3. the longitudinal wave high-order nonlinear parameter characterization method of anchoring strength of coating according to claim 1, feature exist
In:Using high frequency ultrasound transmitting-receiving instrument transmitting and reception signal, using train of pulse as pumping signal, quantity and the sound wave of train of pulse exist
The tested propagation distance torn open in material is related with speed.
4. the longitudinal wave high-order nonlinear parameter characterization method of anchoring strength of coating according to claim 1, feature exist
In:The wave distortion generated in coating and substrate combination interface are propagated using ultrasonic pulse signal string obtains nonlinear system
Number uses transmission-type longitudinal wave limited amplitude method to the non-linear ultrasonic effect of the bond strength of coating.
5. the longitudinal wave high-order nonlinear parameter characterization method of anchoring strength of coating according to claim 1, it is characterised in that:
Docking receives acoustic signals and carries out spectrum analysis, obtains the fundamental wave and high-order harmonic wave amplitude for receiving signal, calculates higher hamonic wave and base
Amplitude Ration and second order, the third-order nonlinear optical coefficient of wave.
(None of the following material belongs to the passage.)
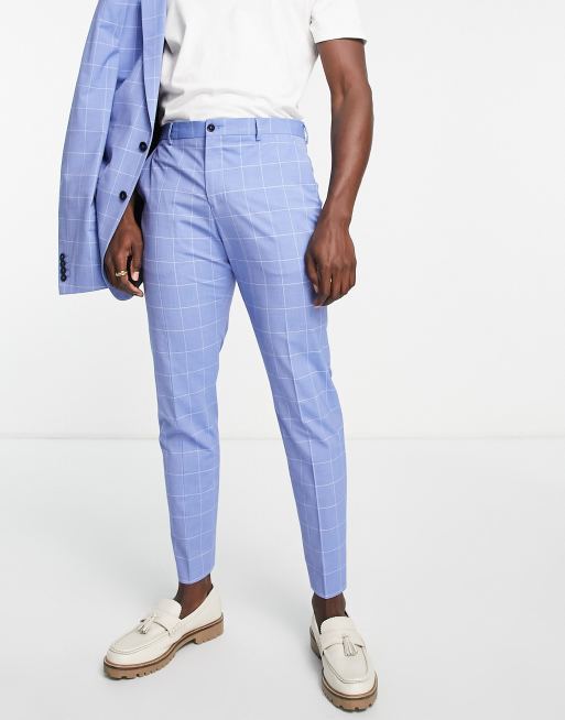 Men s Blue Check Slim Fit Suit Trousers
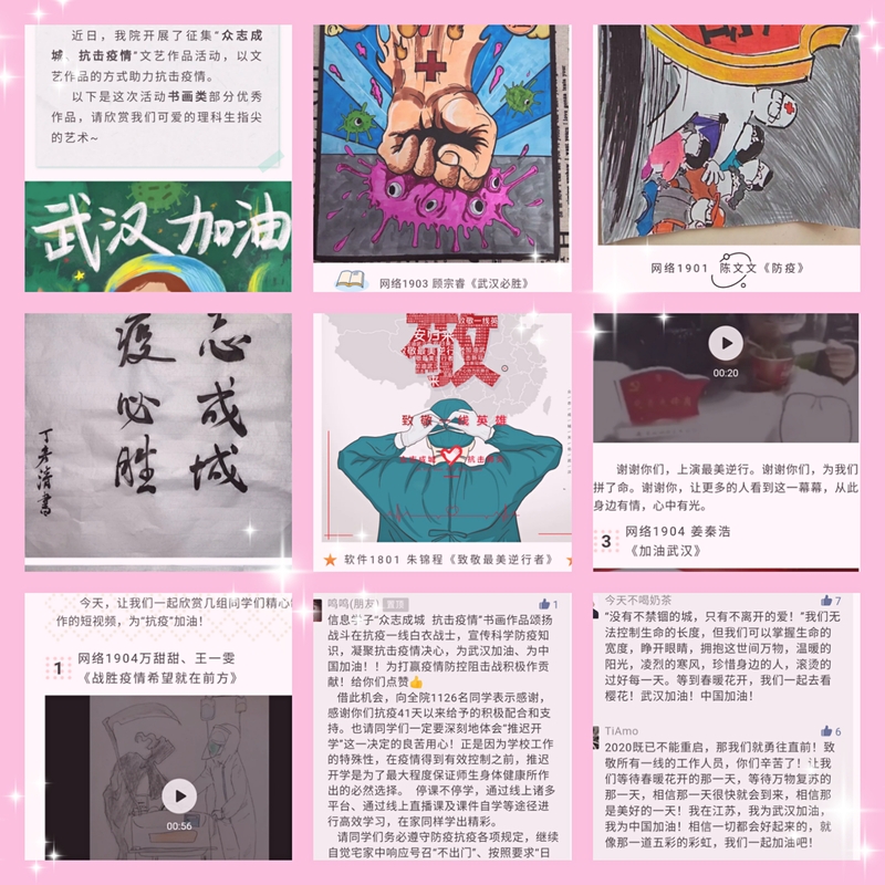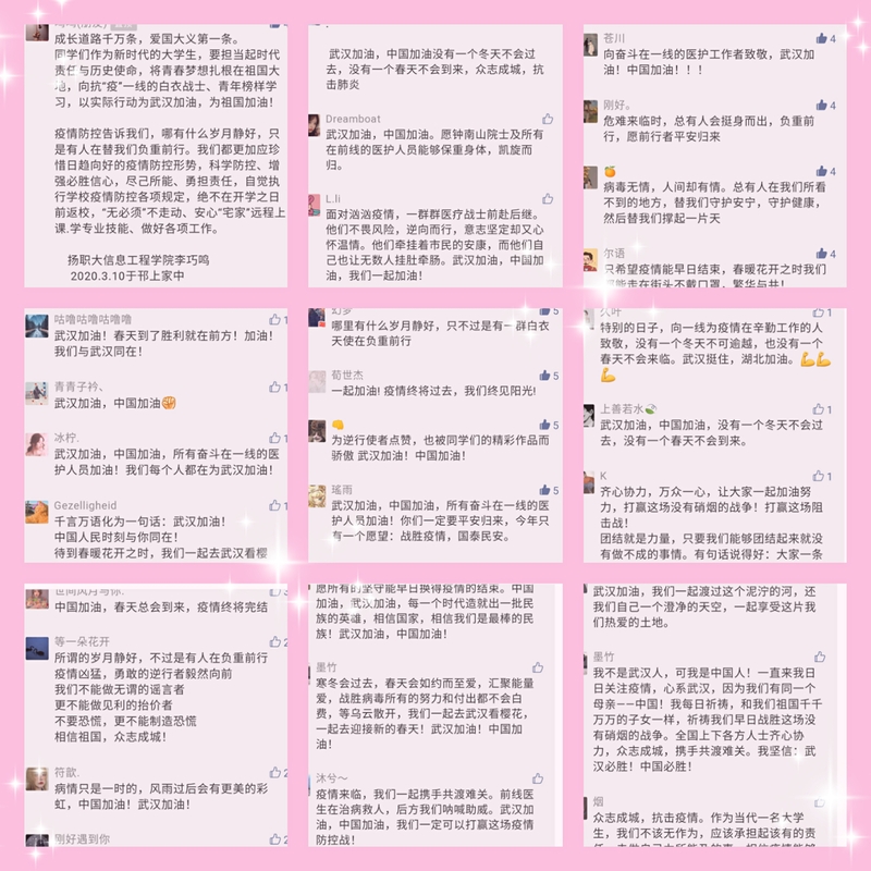 本次活动得到了全院学生的积极响应,共收到各类文艺作品103件,部分优秀作品通过学院微信公众号“扬职大奕奕信息”进行了四期专题推送,同学们反响热烈,积极留言点赞,向抗“疫”一线的英雄们致敬,为武汉加油,为中国加油!纷纷表示,疫情防控每个人都是主体,一定会听从学校的管理和安排,好好“宅”家,做好安全防护、调整好心态,合理安排学习和生活,不提前返校,做疫情防控最好的守卫者。

6. the longitudinal wave high-order nonlinear parameter characterization method of anchoring strength of coating according to claim 1, it is characterised in that:
Stretching experiment is carried out to test specimen using cupping machine, non-linear ultrasonic system detectio is used after tensile stress is fixed per minor tick
The bond strength state of coating, obtain higher hamonic wave and fundamental voltage amplitude ratio, second order nonlinear coefficient and third-order nonlinear optical coefficient with
The variation tendency of anchoring strength of coating.
7. the longitudinal wave high-order nonlinear parameter characterization method of anchoring strength of coating according to claim 1, it is characterised in that:
Using second order nonlinear coefficient and third-order nonlinear optical coefficient with the variation tendency of anchoring strength of coating, to nonlinear factor and combine
Intensity carry out data fitting, obtain fitting function, under conditions of non-destructive testing when measure nonlinear factor can to combine
Intensity carries out quantitative predication.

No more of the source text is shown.